# [WHAT IS EXPECTED]
Scan the records below for the line with "- Sacada: Mesa" and the line with "État de l'imprimante", and retype that range exactly, both ends included, pictures excepted.

# [GIVEN ENTRIES]
+ + + +
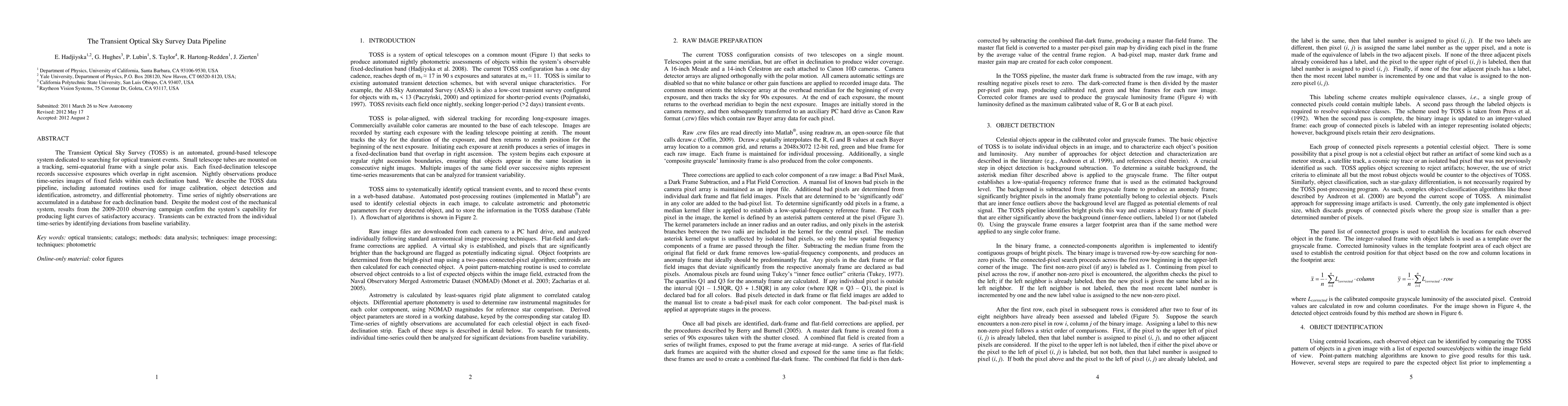 The Transient Optical Sky Survey (TOSS) is an automated, ground-based telescope system dedicated to searching for optical transient events. Small telescope tubes are mounted on a tracking, semi-equatorial frame with a single polar axis. Each fixed declination telescope records successive exposures which overlap in right ascension. Nightly observations produce time-series images of fixed fields within each declination band. We describe the TOSS data pipeline, including automated routines used for image calibration, object detection and identification, astrometry, and differential photometry. Time series of nightly observations are accumulated in a database for each declination band. Despite the modest cost of the mechanical system, results from the 2009-2010 observing campaign confirm the system's capability for producing light curves of satisfactory accuracy. Transients can be extracted from the individual time-series by identifying deviations from baseline variability.
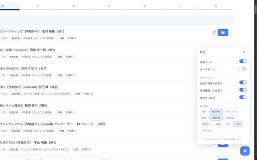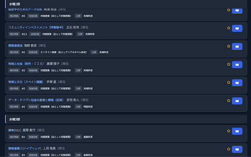 ・表示項目のカスタマイズ ・分野別カラー表示 【最新の更新】 ・ダークモード ------------------------------------------------------------------------------------------------------ ------------------------------------------------------------------------------------------------------ keio.jpアカウントでログインした状態ではchrome拡張機能を追加できないため、一度ログアウトした状態で追加、その後再ログインしてください。 ・選抜方法バッジ表示(抽選・課題・なし・その他) (gslbs.keio.jp)】 ・科目フィルター(言語・情報基礎1・体育・研究会) ・進級・卒業条件チェッカー ・時間割カードクリック時の不要な検索ページ遷移を修正 【学業成績表 ・お気に入り科目の時間割グリッド表示 ・「研究会を非表示」フィルターを追加 【シラバス・時間割 慶應義塾大学sfcのwebツール(シラバス・時間割、学業成績表)のui/uxを改善する拡張機能です。 (gacad.keio.jp)】 v1.2.0 本拡張機能は読み取ったデータを外部に一切送信しません。全ての処理はローカルで完結します。 ・簡易絞り込み検索 ・その他の修正 ・時間割グリッドに選抜方法バッジを表示(抽選・課題・なし・その他)
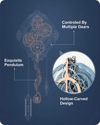Užite si upokojujúce tikanie a plynulý pohyb kyvadla. Otvorený dizajn s prevodmi zvýrazňuje mechanickú krásu hodín a podporuje vintage štýl interiéru.
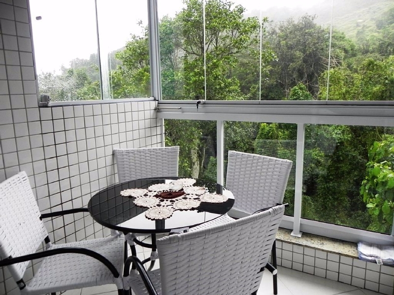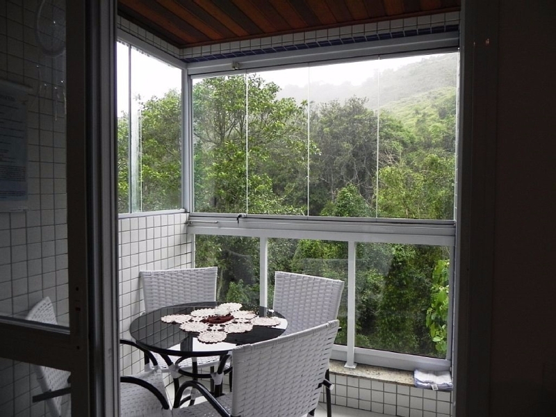 - Sacada: Mesa 4 lugares de frente para mata (TOTAL PRIVACIDADE) / Cortina de Vidro basculante
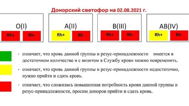 Специалисты говорят, что причинами сокращения числа доноров могли стать не только сезон отпусков, но и вакцинация от коронавируса, так как после прививки кровь нельзя сдавать еще месяц. В официальном Instagram-аккаунте службы крови Южно-Сахалинска каждый день публикуют графики донорских светофоров. По состоянию на утро 2 августа наблюдался острый дефицит крови всех групп и резусов. За день работы удалось немного исправить ситуацию и пополнить запасы, но большая потребность в крови по-прежнему сохраняется. В министерстве здравоохранения Сахалинской области уточнили, что ситуацию нельзя назвать критической.
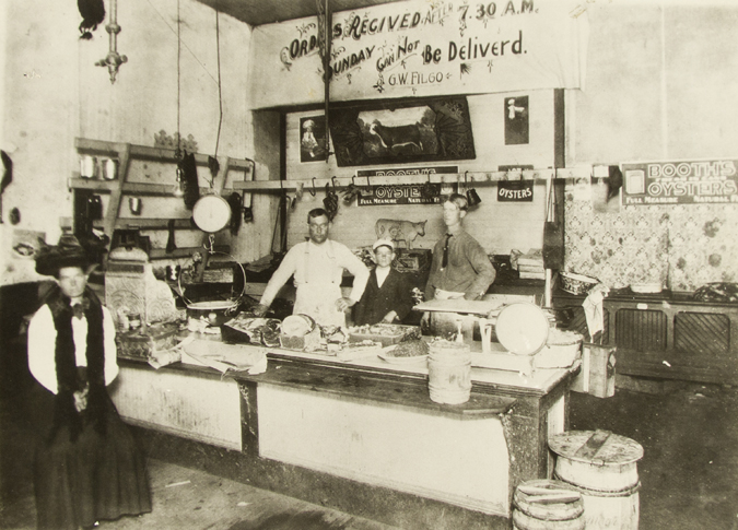 Interior Filgo Market, Fritz Hendricj is the attendant behind the counter, business next to where First National Bank was in 1957
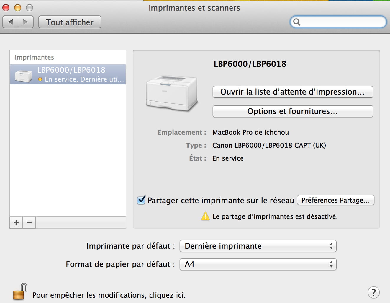 État de l'imprimante quand je l'ai rajoutée dans Préférences Système:
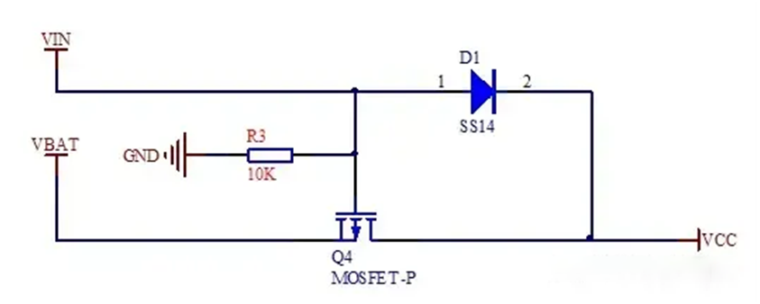 肖特基二極管雖能實(shí)現(xiàn)單向?qū)?,但仍有零點(diǎn)幾伏的壓降,5V 外部電壓經(jīng)其降壓后僅剩 4V 多,這造成的功率損耗會(huì)影響設(shè)備性能。而且外部電源供電時(shí),會(huì)通過 P 型 MOS 管的體二極管對(duì)電池非正規(guī)充電,雖可通過翻轉(zhuǎn) Q4緩解,但不能徹底解決問題。
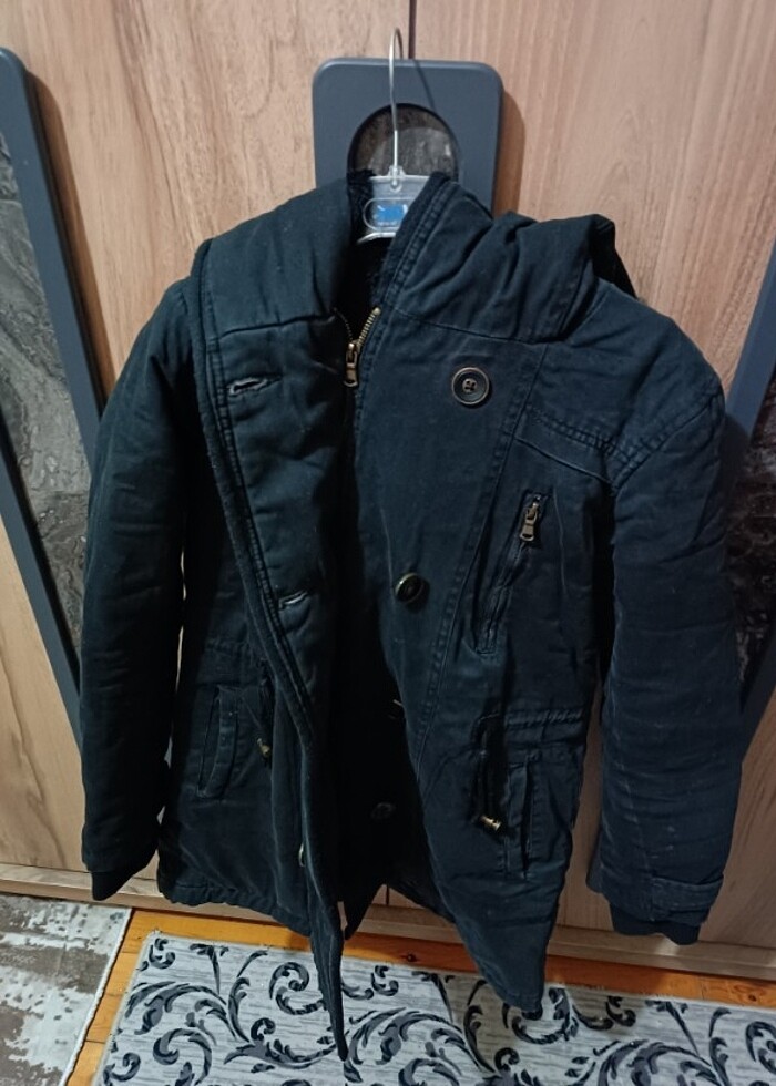 En 48 cm boy 70 cm. İlk günkü gibi siyah değil tabi ama bi kumaş boyasıyla ilk günkü gibi durur. Hiçbir yırtık sökük vs yoktur. Oldukça sağlamdır ve sıcacık tutar. İçinde bile cebi var
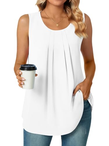 Bestbee Women’s Dressy Chiffon Blouses Crew Neck Sleeveless Tunic Tops Office Cute Work Shirts 2024 Summer Casual Tank Tops
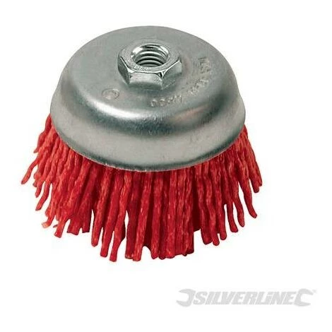 Fils de nylon imprégnés de grains grossiers en carbure de silicium pour ébarber et traiter les surfaces en métal et en bois. Anti-étincelles. Embout femelle M14 x 2.
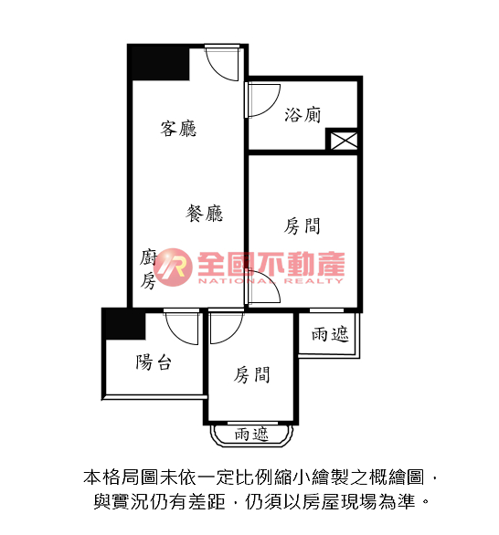 ※本格局圖係未依實際比例繪製之概繪圖。其比例、座向、格局、形狀等,仍須以房屋現場為準。
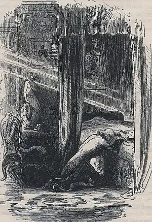 So he went up his grand staircase, slowly, and tired, and looked into various chambers which were empty, until he saw a light in a small ante-room. It was a curtained nook, like a tent, within two other rooms; and it looked warm and bright in colour, as he approached it through the dark avenue they made.
+ + + +
# [RESULT OF THE EXERCISE]
 - Sacada: Mesa 4 lugares de frente para mata (TOTAL PRIVACIDADE) / Cortina de Vidro basculante
 Специалисты говорят, что причинами сокращения числа доноров могли стать не только сезон отпусков, но и вакцинация от коронавируса, так как после прививки кровь нельзя сдавать еще месяц. В официальном Instagram-аккаунте службы крови Южно-Сахалинска каждый день публикуют графики донорских светофоров. По состоянию на утро 2 августа наблюдался острый дефицит крови всех групп и резусов. За день работы удалось немного исправить ситуацию и пополнить запасы, но большая потребность в крови по-прежнему сохраняется. В министерстве здравоохранения Сахалинской области уточнили, что ситуацию нельзя назвать критической.
 Interior Filgo Market, Fritz Hendricj is the attendant behind the counter, business next to where First National Bank was in 1957
 État de l'imprimante quand je l'ai rajoutée dans Préférences Système:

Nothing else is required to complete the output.